## [Your assignment]
Exact copies of all the lines below are wanted, without a single picture.

━━━━━ Data section ━━━━━

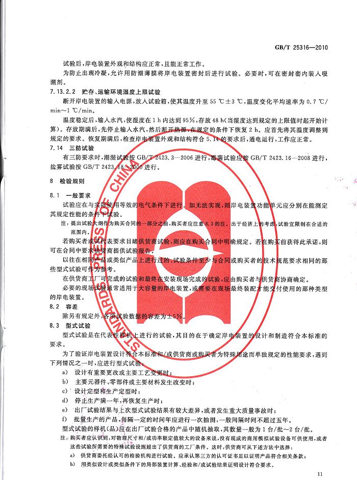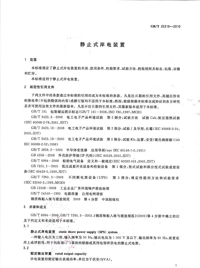 > 創(chuàng)統(tǒng)負責起草制訂GB/T25316《靜止式岸電裝置》
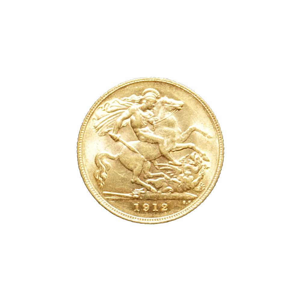 Moeda de ouro original do Reino Unido datada do ano de 1912.
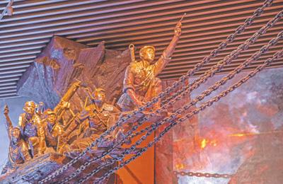 红军战士飞夺泸定桥的复原场景。 本报记者 张武军摄
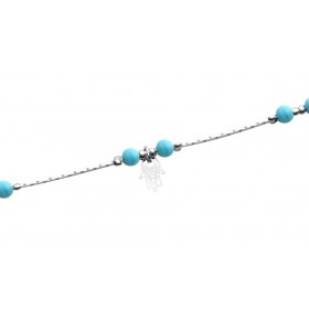 Anklet, Rhodium Silver Chain with Blue Beads and Hamsa$6.41 -

━━━━━

## [Your response]
 > 創(chuàng)統(tǒng)負責起草制訂GB/T25316《靜止式岸電裝置》
 Moeda de ouro original do Reino Unido datada do ano de 1912.
 红军战士飞夺泸定桥的复原场景。 本报记者 张武军摄
 Anklet, Rhodium Silver Chain with Blue Beads and Hamsa$6.41 -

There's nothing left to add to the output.